In recent years, she’s been published in the University of Kansas Law Review, the Hastings Law Journal, the University of Colorado Law Review and the Texas A&M Journal of Property Law. 

Her work at TU Law, which also hosts the prestigious Energy Law Journal, keeps her busy. Bowman is currently involved in an expansive project regarding water depletion in the Ogallala Aquifer, an underground water supply upon which farmers, ranchers and communities across the Great Plains depend. In the fall, she is spearheading a conference concerning energy use and development on Tribal lands. 

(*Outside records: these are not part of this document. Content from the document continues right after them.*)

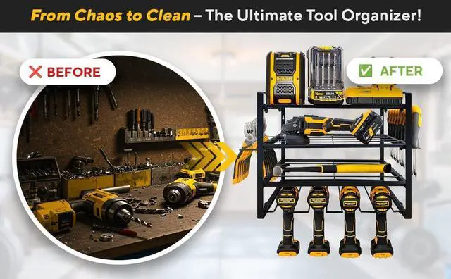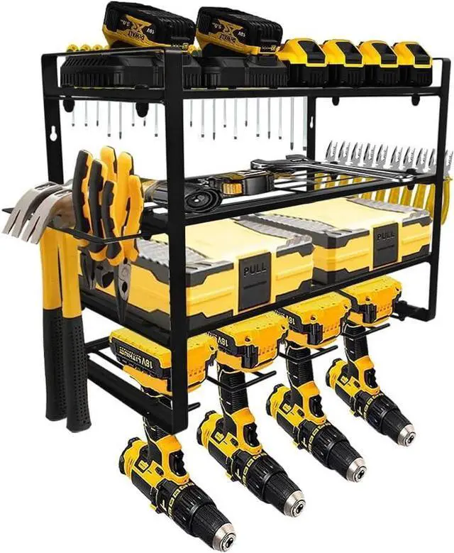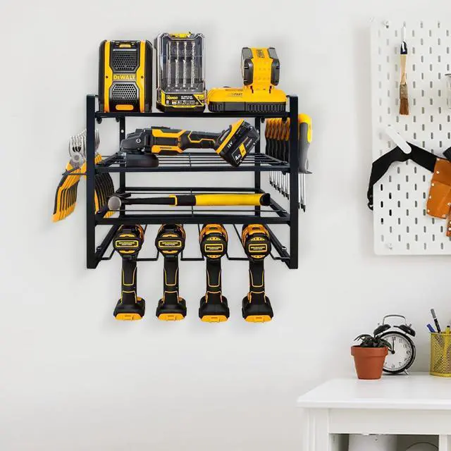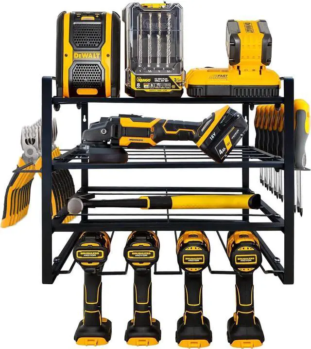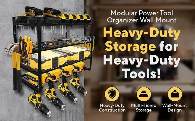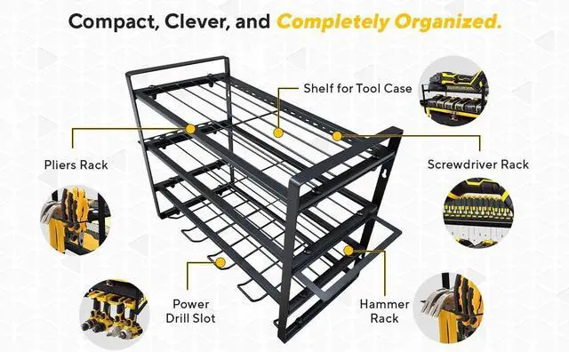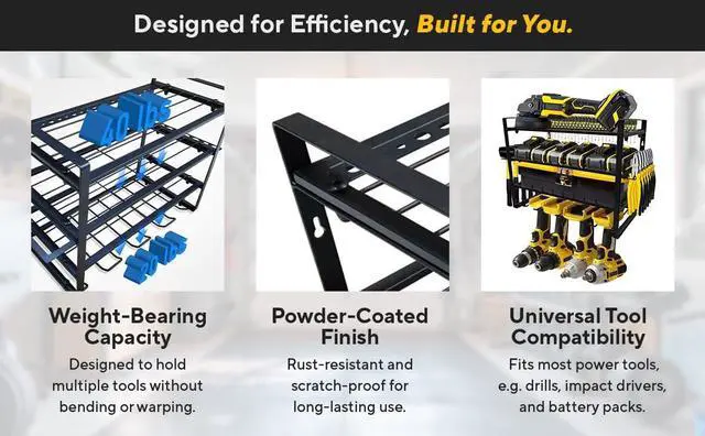 Power Tool Organizer - Streamline your garage with this wall-mounted tool rack built to hold your tools securely. Designed for easy installation on studs or sheetrock it's perfect for organizing tools of all sizes. Carbon Steel Construction - Built with durable carbon steel this wall tool organizer rack can support hundreds of pounds offering reliable strength and long-lasting performance for your garage workshop or shed. Securely hold tools in place without scratching or slipping. Storage for All Tools - Ideal for organizing power drills extra batteries and more this wall-mounted garage organizer rack keeps everything off the floor and within easy reach maximizing space and efficiency.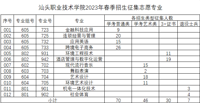 汕头职业技术学院2023年春季招生征集志愿的公告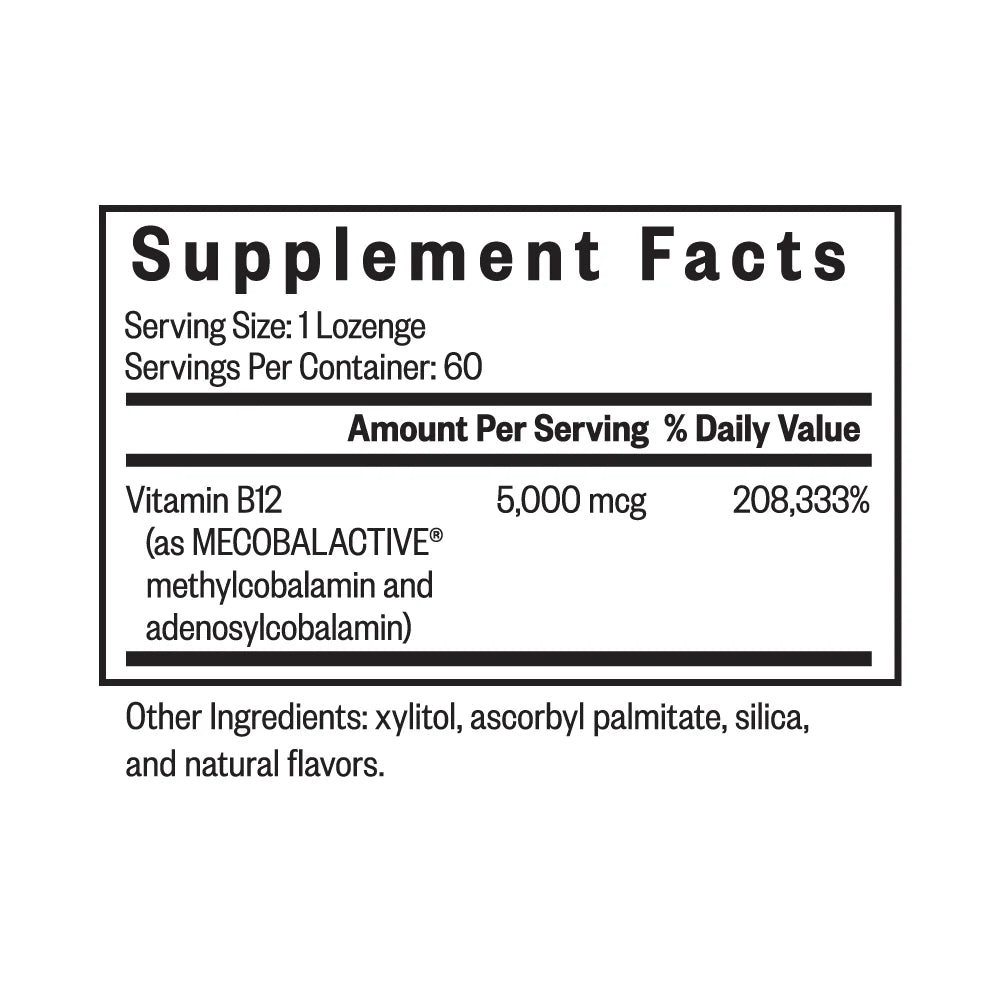 Methyl B12 5000 provides a potent dose of bioavailable vitamin B12 in a delicious, well-absorbed lozenge. Each serving contains a 5,000 mcg mixture of methylcobalamin and adenosylcobalamin.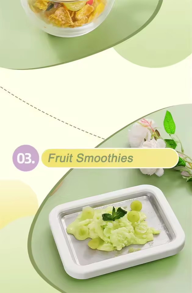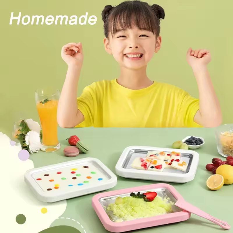 Description: Create delicious homemade ice cream, frozen yogurt, or fruit sorbet effortlessly with this sturdy stainless steel(ice cream pan)! Perfect for kids and families, this non-electric ice cream maker requires no batteries or electricity—just freeze the pan, add your favorite ingredients, and stir to make creamy treats in minutes. Premium Stainless Steel – Durable, food-grade, and rust-resistant for long-lasting use. Easy to Clean – Smooth surface wipes clean quickly. How to Use: Freeze the pan for 10-12 hours in advance. Pour pre-mixed yogurt, juice, or cream onto the cold surface. Stir gently with the scrapers until thickened. Scoop and enjoy your healthy, additive-free dessert! Great for: Homemade ice cream, frozen yogurt, fruit sorbet, baby snacks, or party desserts. Specifications: Material: Stainless Steel, PP Color: White, Green, Pink Size:22.5x17.5cm Quantity: 1 Ice Plate+2 Scrapers Package Included: 1 Pc Unplugged Ice Cream Maker Note: -Due to hand measure, the size may have 1-2 cm error. -Due to Different Monitor, the color may have difference. -Due to long shipping, the item may damage in transit, if the item damage, pls contact us firstly immediately before leave feedback, IFANYUO thanks for your understanding!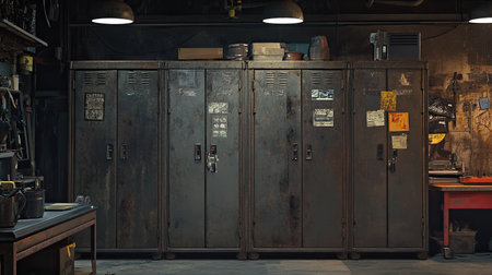 Explore the essence of a vintage workshop featuring industrial metal lockers. This image captures a nostalgic atmosphere filled with creativity and natural light.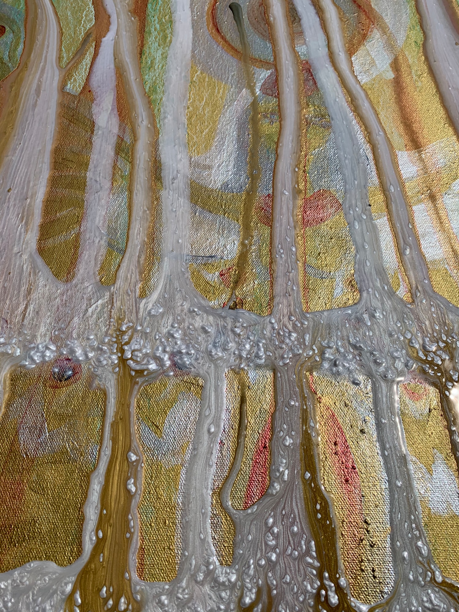 Laying on the beach. eyes shut, with my arms stretched out to the sides, a vision of myself as Isis grew in my mind's eye. A feeling of peacock feather wings and lion guardians flanking my sides. I was standing on a statue, the head or a Greek-Roman man. Powerful light formed over my head and then I opened my eyes and came back. Once home I did some research to find an image to match what I saw. There it was online, close to what I had seen it my vision, an Egyptian Goddess! I took to drawing and painting it over two months with the final result obscured like a dream vision, so that the abstraction brings you into the under layers slowly.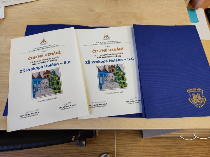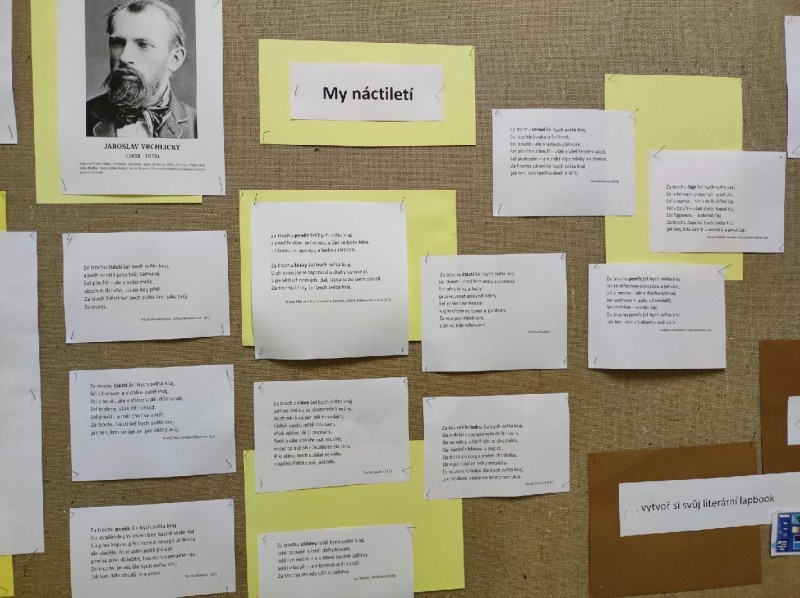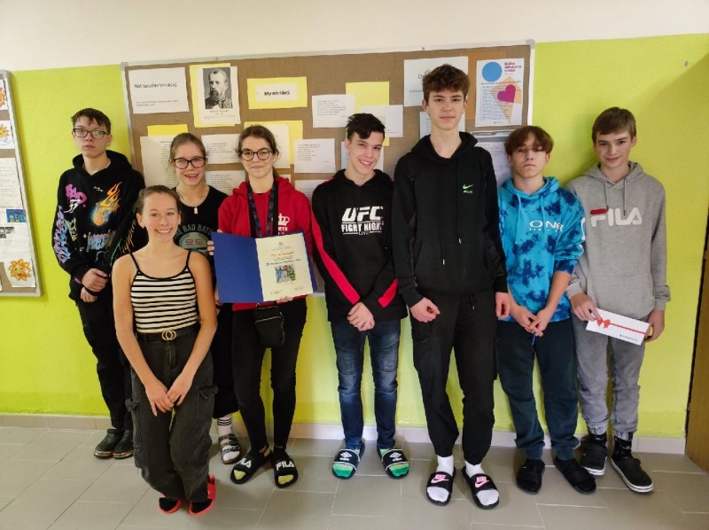 8 žáků z naší třídy se na konci šk.r. 2023 zúčstnilo soutěže vyhlášené MÚ Louny "Náš Jaroslav Vrchlický". Inspirovali se jeho básní Za trochu lásky šel bych světa kraj ze sbírky Okna v bouři. Co je pro ně tak důležité vyjádřili ve svých básničkách. Za tuto tvorbu byli nedávno oceněni a obdrželi poukázku do knihkupectví. Chválou nešetřím ani já, třídní.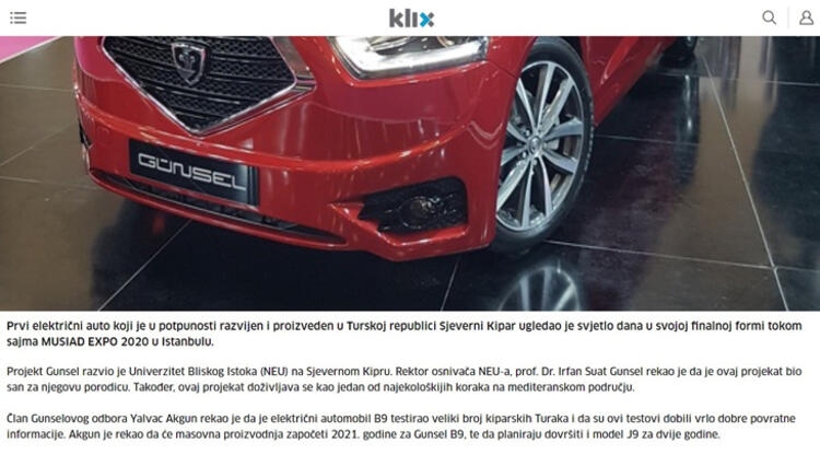 Bosna Hersek’in önemli haber ve içerik portallarından Klix.ba da GÜNSEL’e önemli bir yer ayırdı. GÜNSEL’in çevreci ve ekolojik yönlerine vurgu yapan Klix, “Çevre odaklı otomotiv mühendisliği, tasarımı ve yazılımı ile ön plana çıkan GÜNSEL, tamamen Kıbrıslı Türkler tarafından geliştirildi” ifadesini kullandı. “Dünyanın dört bir yanındaki iş adamları GÜNSEL’e ilgi duyuyor ve İstanbul’da doğrudan temas kurma fırsatı buldu” değerlendirmesini de yapan Klix, GÜNSEL’i, “Akdeniz bölgesindeki en ekolojik adımlardan biri olarak” tanımladı.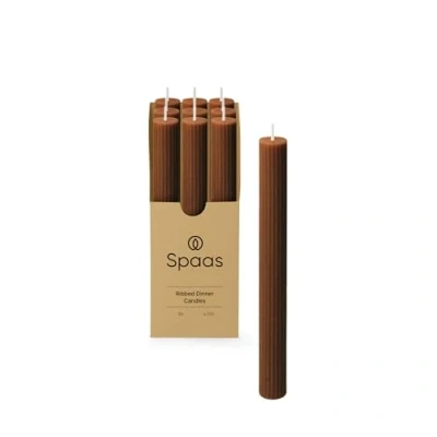 Spaas 9 x Ribbed Dinner Candle 10h, Brown
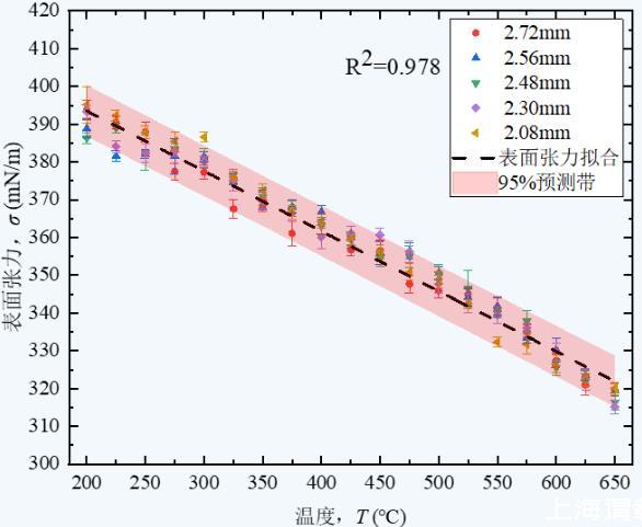 上圖6給出了溫度T在200~650℃范圍內,使用不同管徑毛細管測量的液態鋰表面實驗值及其擬合曲線。可知,擬合結果具有良好線性度。各個溫度點的密度實驗結果偏差小于±5 mN/m,相對誤差為±1.4%,且實驗結果均在線性擬合95%預測帶中,說明實驗結果具有較好可信度。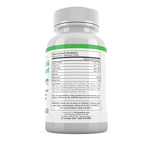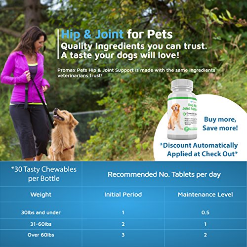 30 TASTY TABLETS, Promax Pets Hip & Joint Support is made with the same ingredients veterinarians trust! Our tasty Hip & Joint Support is made into a chewable tablet packed full of natural flavor to make it delicious. Promax Pets will provide your dog with nutrients it needs to maintain healthy and active well-being.

These subjects, and many more, all have common threads: They are highly technical in terms of the science involved; they have numerous stakeholders, some of which have been historically neglected; and they involve a cross-section of state, federal and Tribal laws that make finding solutions a complicated affair. 

“We need to start asking hard questions about what crops we can grow and where,” Bowman said, noting the stresses that plague some of the country’s most crucial water supplies. “These are technical problems; these are very complicated problems.” 

These challenges drive her. “I like areas where there’s a lot of (legal and jurisdictional) overlap. I like technical problems,” she said. 

Here, Bowman says, is where the Sustainable Energy and Resources Law program can excel – by training the next generation of legal minds to ultimately solve energy, conservation and environmental problems in a workable and equitable way. 

Bowman’s hope is that TU Law students will confront and embrace those complexities to fashion a more sustainable world.